The doctor's story is not an isolated case.
The federal Institute of Medicine estimated in 1999 that 98,000 people die each year from medication errors. That report prompted a follow-up study from the IOM that called for a massive overhaul of the way doctors and hospitals provide care to patients.
More specifically, the report said patients must have more control over their medical information and must be consulted as partners in medical decision-making. Also, doctors and hospitals should put more emphasis on the safety of patients staying in hospitals. Moreover, doctors should provide therapies because the treatments are supported by scientific evidence, not just because doctors are in the habit of providing them.
The new report released in March called on Congress to spend $1 billion to make the new health-care system work without flaws.
Your Health today begins an occasional series called "Doing No Harm" that will chronicle efforts by local medical groups to position Pittsburgh as a leader in this quality improvement movement.

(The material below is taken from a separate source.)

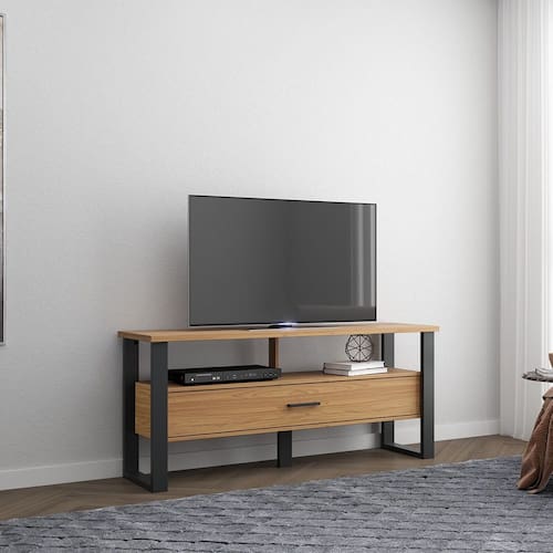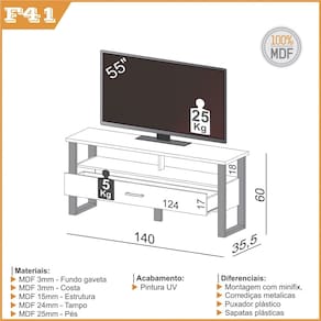 Características: Estrutura 100% MDF Acabamento em Pintura UV 01 Gaveta com Corrediças Metálicas Puxador Plástico Sapatas Plásticas Estilo Estilo Industrial Ideal para TV até 55 Polegadas
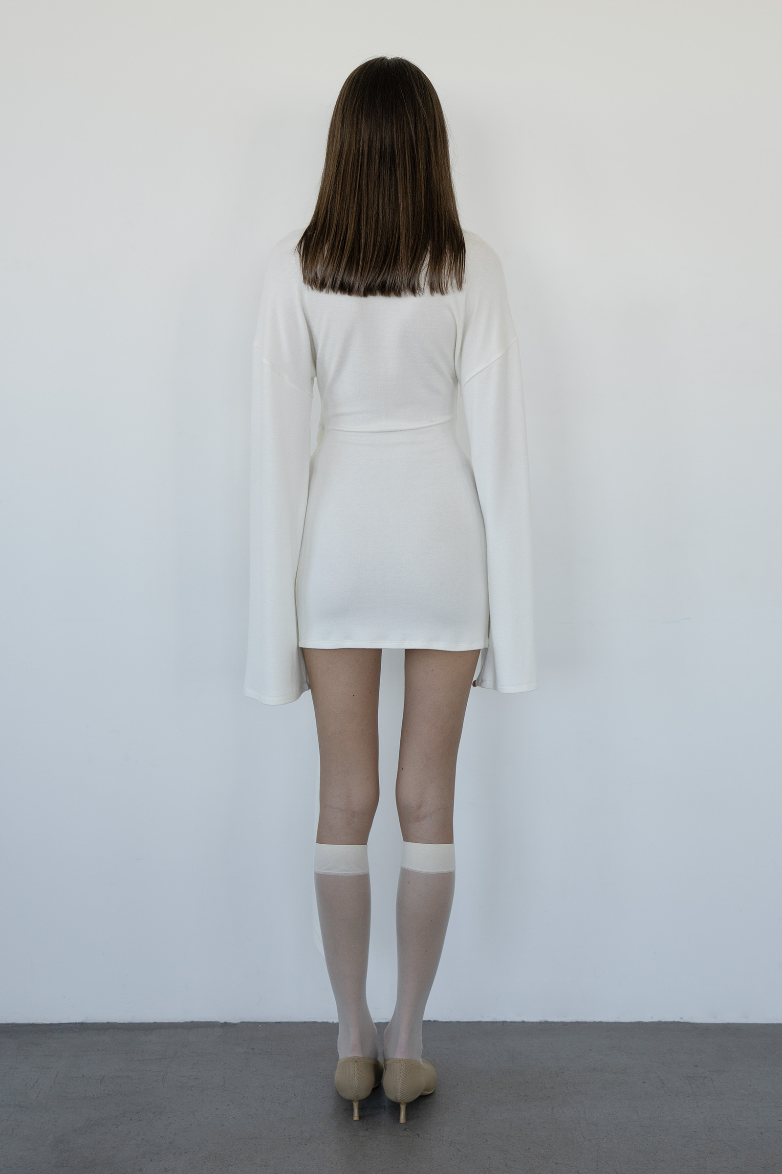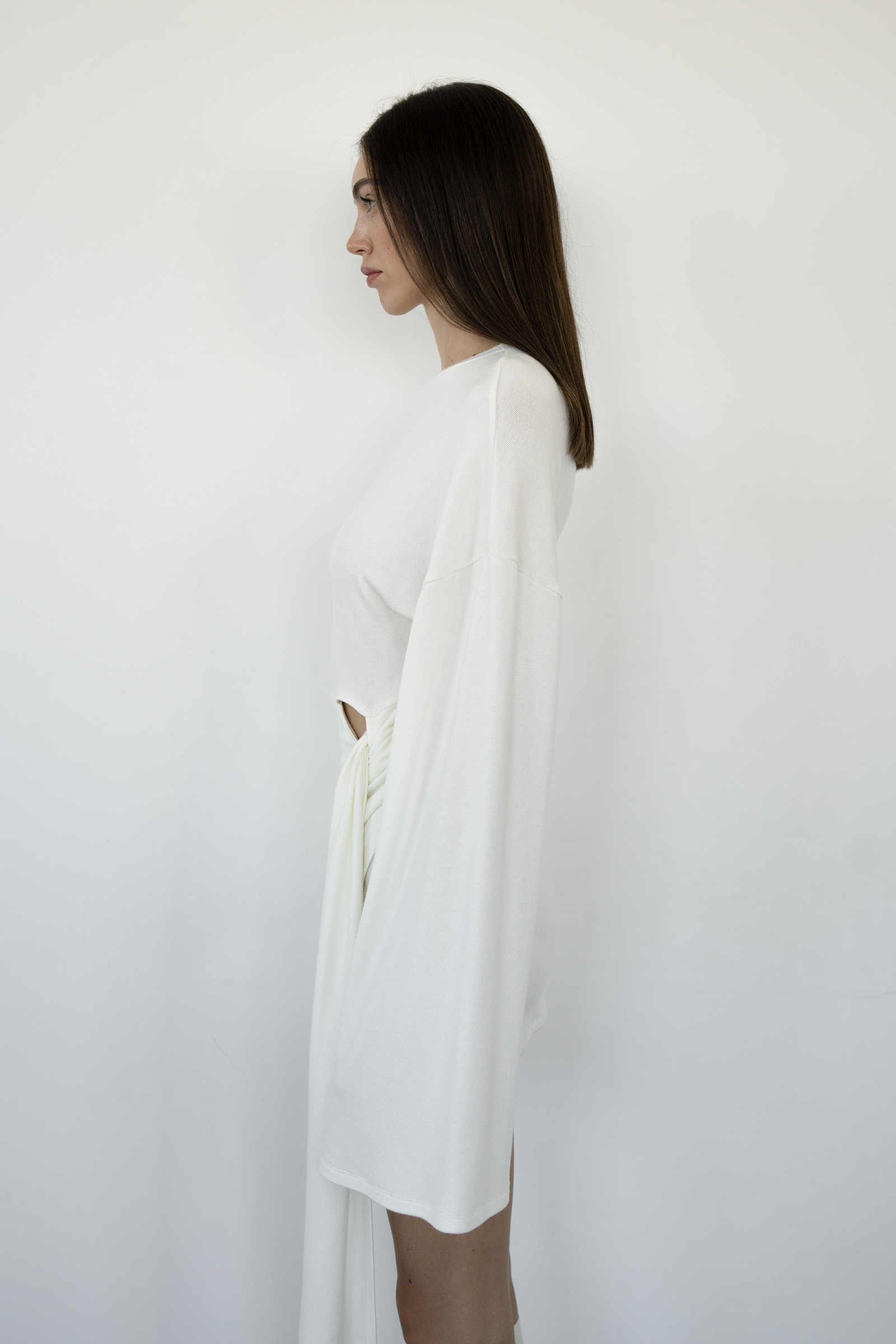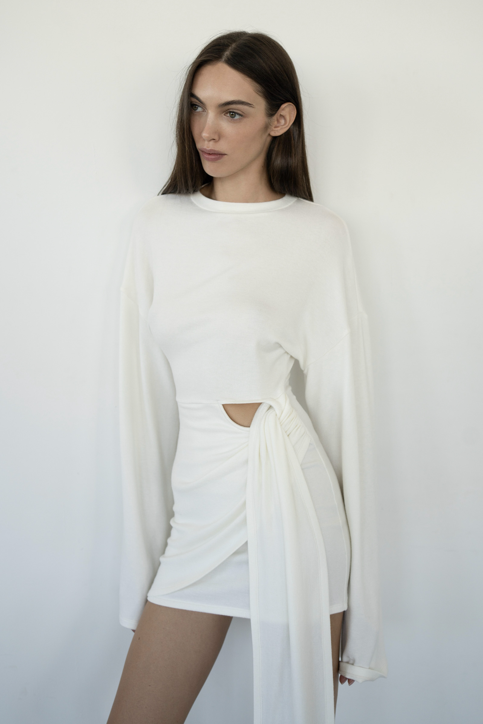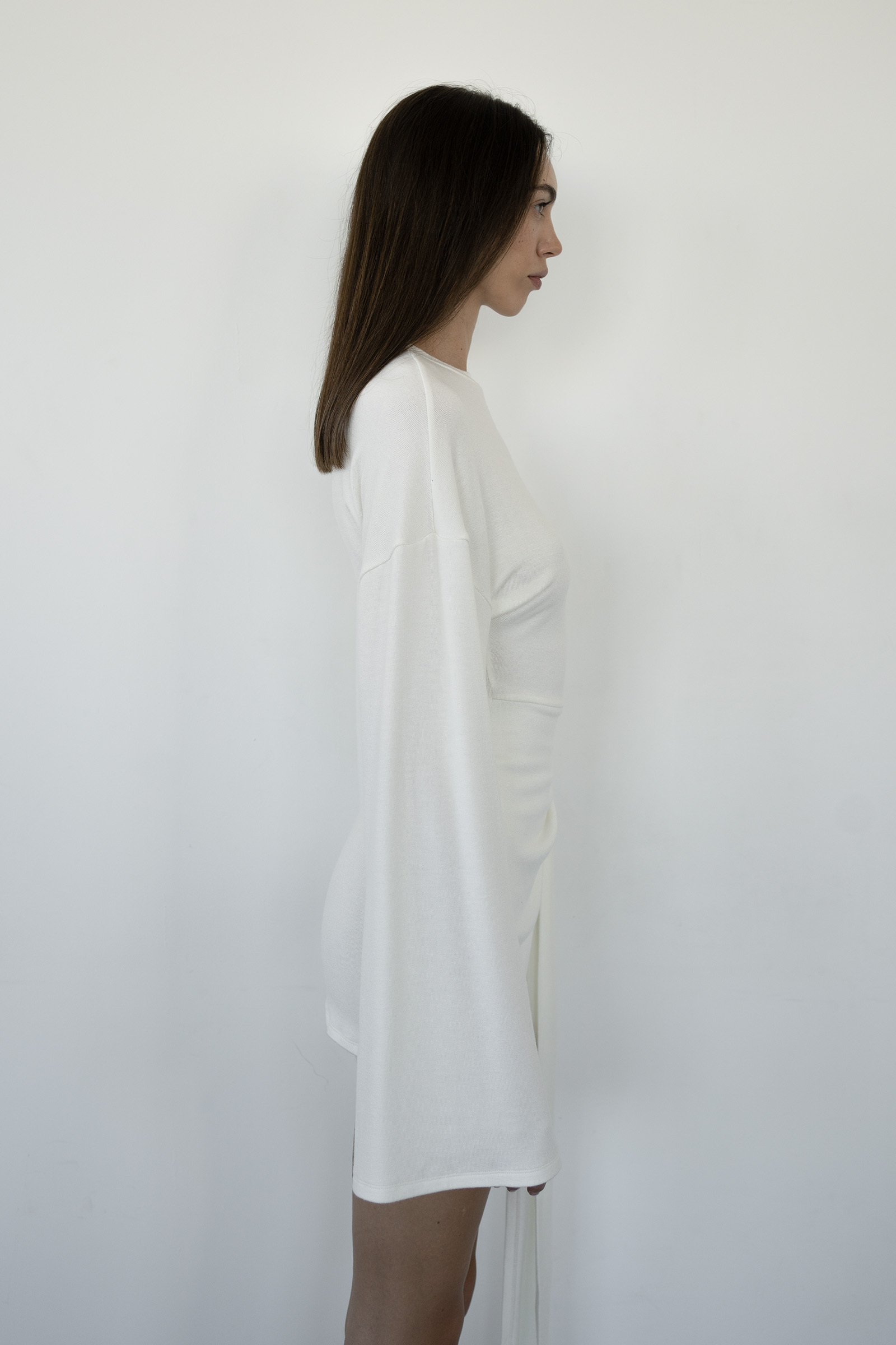 A mini dress with long, flared sleeves and asymmetric draping at the hem, simulating a knotted effect with cascading folds. The dress is sewn from soft viscose knitwear.

The stories will profile several issues, including attempts to prevent infections acquired in the hospital, the shift to electronic medical records and the time patients spend waiting to see their doctors.
Several of the stories will touch on the work of the Pittsburgh Regional Healthcare Initiative, which is one of the more high-profile attempts to boost quality. Backed by the Jewish Healthcare Foundation and supported by doctors, hospitals and insurers throughout the region, the initiative's model for working with all providers in the community has attracted attention from the Bush administration, and experts say it could serve as a national model for how to fix health care.